Problem ::
Among the lines below, output only those between the line holding "シールバインダー シール帳 透明" and the line holding "This Cubic Zirconia", inclusive, exactly as written and with no pictures.

Dataset ::
....

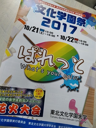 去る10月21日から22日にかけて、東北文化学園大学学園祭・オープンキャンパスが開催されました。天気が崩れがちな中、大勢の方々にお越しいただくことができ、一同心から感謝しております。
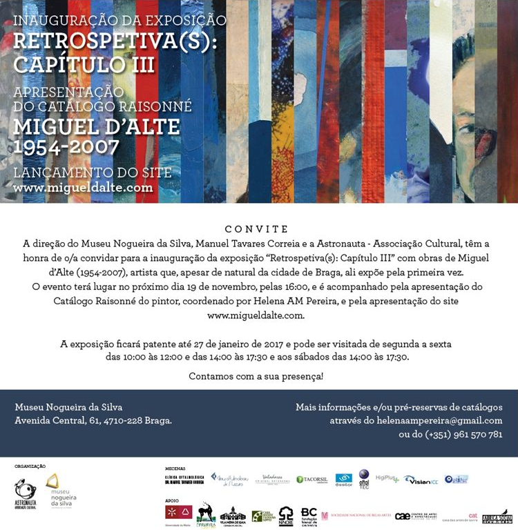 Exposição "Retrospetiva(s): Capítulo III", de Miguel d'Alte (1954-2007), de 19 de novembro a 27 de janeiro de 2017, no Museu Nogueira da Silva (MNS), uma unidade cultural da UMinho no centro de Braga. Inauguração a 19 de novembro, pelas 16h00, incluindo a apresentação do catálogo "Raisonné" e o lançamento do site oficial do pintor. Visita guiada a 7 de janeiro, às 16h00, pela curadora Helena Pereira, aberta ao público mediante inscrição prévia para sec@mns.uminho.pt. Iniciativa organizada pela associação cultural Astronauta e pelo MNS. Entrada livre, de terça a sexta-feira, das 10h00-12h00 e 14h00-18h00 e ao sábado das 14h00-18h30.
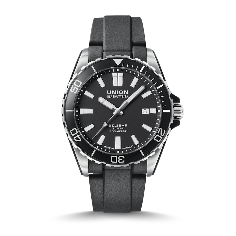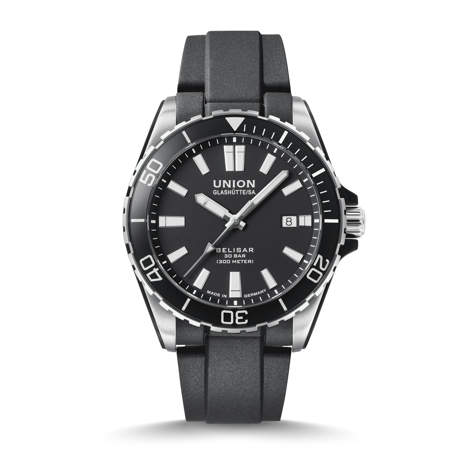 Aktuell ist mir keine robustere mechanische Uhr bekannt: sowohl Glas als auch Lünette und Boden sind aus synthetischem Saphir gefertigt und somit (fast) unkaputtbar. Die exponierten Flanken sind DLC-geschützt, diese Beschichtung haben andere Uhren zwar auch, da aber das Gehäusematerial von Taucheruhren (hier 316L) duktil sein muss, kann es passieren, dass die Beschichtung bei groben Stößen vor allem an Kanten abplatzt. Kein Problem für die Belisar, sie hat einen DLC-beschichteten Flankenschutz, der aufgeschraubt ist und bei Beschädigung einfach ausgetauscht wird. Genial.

....

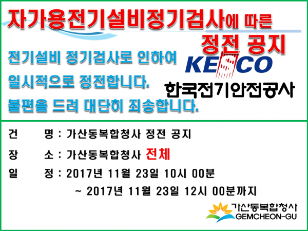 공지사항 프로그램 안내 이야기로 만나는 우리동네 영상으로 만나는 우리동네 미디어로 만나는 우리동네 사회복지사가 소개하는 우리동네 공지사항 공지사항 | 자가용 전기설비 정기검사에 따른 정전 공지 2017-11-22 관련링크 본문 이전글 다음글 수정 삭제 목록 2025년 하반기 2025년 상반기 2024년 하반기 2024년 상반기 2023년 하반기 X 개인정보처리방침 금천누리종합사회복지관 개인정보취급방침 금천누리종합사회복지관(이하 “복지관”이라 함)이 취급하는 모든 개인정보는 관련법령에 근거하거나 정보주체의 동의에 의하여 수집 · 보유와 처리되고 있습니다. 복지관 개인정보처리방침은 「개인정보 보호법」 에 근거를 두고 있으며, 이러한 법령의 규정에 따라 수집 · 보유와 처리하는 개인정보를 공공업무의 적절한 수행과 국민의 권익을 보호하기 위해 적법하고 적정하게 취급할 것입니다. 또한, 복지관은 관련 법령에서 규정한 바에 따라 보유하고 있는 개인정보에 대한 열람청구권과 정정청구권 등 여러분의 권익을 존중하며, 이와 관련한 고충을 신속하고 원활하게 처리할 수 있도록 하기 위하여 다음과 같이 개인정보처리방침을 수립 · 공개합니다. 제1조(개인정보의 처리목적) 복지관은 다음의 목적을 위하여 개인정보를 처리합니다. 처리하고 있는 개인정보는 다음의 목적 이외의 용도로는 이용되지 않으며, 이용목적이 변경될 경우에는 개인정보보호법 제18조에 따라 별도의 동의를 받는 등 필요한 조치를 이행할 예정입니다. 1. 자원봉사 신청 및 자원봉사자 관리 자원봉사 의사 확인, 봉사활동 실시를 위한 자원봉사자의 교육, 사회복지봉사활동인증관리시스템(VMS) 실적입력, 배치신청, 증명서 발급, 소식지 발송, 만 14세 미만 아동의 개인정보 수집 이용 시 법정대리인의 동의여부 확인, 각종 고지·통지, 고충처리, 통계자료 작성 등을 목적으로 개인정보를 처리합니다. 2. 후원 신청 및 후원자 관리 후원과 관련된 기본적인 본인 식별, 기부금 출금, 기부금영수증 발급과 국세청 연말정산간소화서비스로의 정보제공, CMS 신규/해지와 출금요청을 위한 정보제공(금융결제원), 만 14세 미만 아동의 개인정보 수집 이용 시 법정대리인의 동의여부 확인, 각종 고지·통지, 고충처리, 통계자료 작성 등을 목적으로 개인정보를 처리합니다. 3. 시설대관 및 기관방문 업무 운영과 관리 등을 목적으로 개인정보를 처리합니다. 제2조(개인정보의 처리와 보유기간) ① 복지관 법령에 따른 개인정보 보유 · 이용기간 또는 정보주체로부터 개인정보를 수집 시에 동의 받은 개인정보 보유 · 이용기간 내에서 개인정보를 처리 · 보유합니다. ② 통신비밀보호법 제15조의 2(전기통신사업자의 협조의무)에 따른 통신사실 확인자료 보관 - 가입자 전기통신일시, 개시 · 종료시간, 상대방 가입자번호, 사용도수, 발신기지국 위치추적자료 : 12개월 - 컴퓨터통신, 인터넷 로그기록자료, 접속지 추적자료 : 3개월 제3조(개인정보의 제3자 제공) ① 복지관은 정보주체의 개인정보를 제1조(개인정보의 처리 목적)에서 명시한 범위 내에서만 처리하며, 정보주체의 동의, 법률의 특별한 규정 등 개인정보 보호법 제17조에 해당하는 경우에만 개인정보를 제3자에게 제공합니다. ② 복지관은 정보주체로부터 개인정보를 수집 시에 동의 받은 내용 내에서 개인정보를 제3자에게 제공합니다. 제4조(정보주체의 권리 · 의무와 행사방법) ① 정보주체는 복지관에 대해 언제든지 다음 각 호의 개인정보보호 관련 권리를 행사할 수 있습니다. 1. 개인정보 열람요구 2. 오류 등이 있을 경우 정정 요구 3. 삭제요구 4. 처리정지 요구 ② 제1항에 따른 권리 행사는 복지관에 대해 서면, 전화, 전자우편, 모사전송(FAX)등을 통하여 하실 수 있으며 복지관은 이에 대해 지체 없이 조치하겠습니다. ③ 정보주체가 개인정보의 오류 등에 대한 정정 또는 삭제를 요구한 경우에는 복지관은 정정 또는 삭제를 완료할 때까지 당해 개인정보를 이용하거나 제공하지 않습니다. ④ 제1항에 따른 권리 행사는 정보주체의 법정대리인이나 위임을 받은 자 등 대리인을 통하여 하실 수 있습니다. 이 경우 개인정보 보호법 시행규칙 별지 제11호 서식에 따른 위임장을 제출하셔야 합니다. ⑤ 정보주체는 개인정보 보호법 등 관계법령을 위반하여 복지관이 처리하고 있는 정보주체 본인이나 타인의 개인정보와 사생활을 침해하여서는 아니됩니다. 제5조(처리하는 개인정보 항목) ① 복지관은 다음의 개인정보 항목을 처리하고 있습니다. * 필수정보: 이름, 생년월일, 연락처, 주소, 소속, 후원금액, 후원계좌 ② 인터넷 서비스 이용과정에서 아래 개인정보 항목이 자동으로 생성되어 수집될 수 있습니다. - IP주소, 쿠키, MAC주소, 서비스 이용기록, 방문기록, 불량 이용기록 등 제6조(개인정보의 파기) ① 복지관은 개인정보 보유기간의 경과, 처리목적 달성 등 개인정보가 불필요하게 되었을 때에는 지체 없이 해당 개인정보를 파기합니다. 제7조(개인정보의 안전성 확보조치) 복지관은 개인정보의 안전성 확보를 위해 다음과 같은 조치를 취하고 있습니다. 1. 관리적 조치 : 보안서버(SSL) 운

....

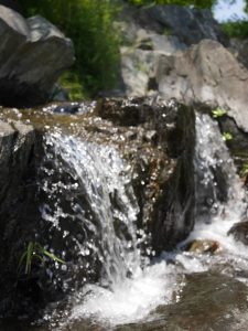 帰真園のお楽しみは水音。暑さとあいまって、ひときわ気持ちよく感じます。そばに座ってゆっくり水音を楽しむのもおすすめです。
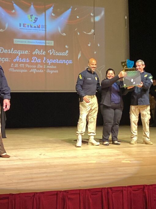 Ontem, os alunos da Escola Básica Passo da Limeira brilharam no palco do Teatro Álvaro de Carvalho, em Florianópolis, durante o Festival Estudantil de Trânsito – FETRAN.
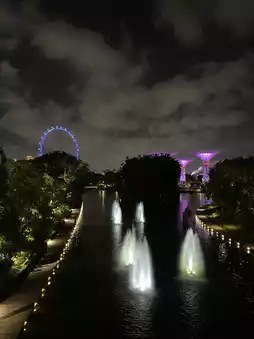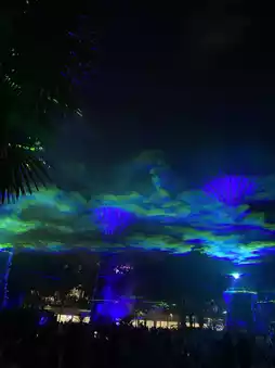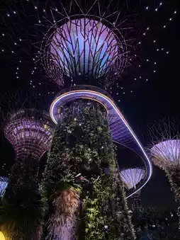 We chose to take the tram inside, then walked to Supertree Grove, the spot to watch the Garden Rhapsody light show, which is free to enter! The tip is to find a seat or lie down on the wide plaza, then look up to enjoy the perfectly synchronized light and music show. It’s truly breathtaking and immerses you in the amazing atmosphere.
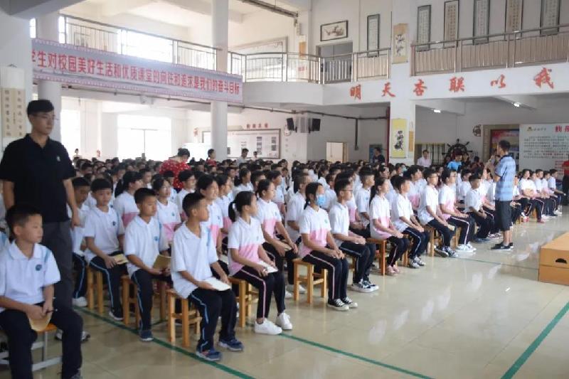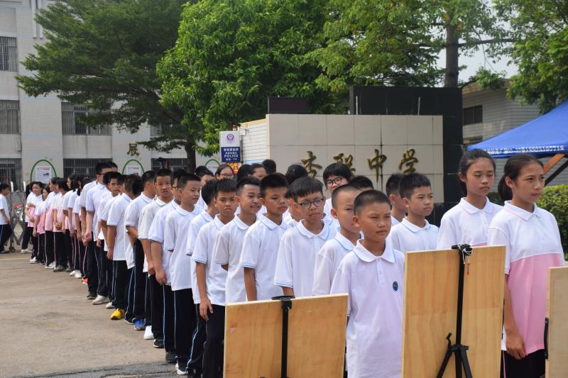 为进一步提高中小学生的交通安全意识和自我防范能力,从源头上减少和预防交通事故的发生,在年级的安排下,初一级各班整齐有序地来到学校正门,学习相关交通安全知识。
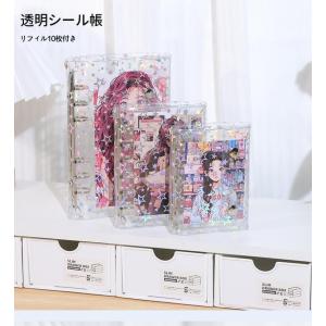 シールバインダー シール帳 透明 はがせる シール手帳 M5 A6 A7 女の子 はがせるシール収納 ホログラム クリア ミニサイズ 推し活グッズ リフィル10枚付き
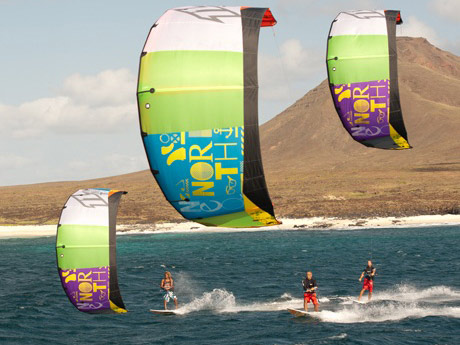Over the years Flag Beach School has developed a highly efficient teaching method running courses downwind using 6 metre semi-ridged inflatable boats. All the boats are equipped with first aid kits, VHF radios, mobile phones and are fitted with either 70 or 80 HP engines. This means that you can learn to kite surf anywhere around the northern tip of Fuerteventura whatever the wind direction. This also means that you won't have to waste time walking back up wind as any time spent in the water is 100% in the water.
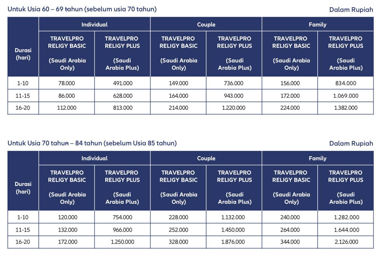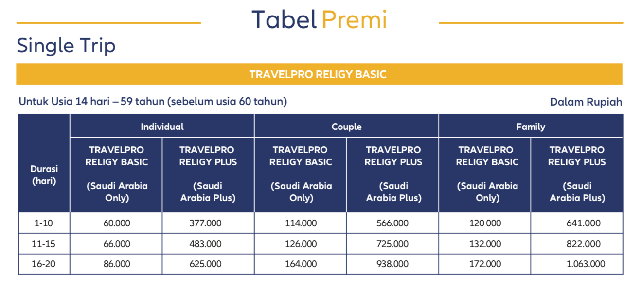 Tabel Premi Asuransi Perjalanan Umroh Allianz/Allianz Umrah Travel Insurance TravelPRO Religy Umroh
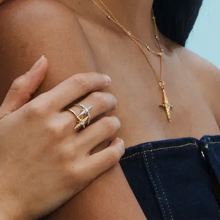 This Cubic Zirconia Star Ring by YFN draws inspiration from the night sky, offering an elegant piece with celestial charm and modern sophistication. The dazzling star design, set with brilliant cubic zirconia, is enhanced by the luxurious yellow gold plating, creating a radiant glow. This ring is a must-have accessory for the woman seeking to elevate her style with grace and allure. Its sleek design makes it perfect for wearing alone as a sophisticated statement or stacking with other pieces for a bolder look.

....

Exercise output ::
 シールバインダー シール帳 透明 はがせる シール手帳 M5 A6 A7 女の子 はがせるシール収納 ホログラム クリア ミニサイズ 推し活グッズ リフィル10枚付き
Over the years Flag Beach School has developed a highly efficient teaching method running courses downwind using 6 metre semi-ridged inflatable boats. All the boats are equipped with first aid kits, VHF radios, mobile phones and are fitted with either 70 or 80 HP engines. This means that you can learn to kite surf anywhere around the northern tip of Fuerteventura whatever the wind direction. This also means that you won't have to waste time walking back up wind as any time spent in the water is 100% in the water.
 Tabel Premi Asuransi Perjalanan Umroh Allianz/Allianz Umrah Travel Insurance TravelPRO Religy Umroh
 This Cubic Zirconia Star Ring by YFN draws inspiration from the night sky, offering an elegant piece with celestial charm and modern sophistication. The dazzling star design, set with brilliant cubic zirconia, is enhanced by the luxurious yellow gold plating, creating a radiant glow. This ring is a must-have accessory for the woman seeking to elevate her style with grace and allure. Its sleek design makes it perfect for wearing alone as a sophisticated statement or stacking with other pieces for a bolder look.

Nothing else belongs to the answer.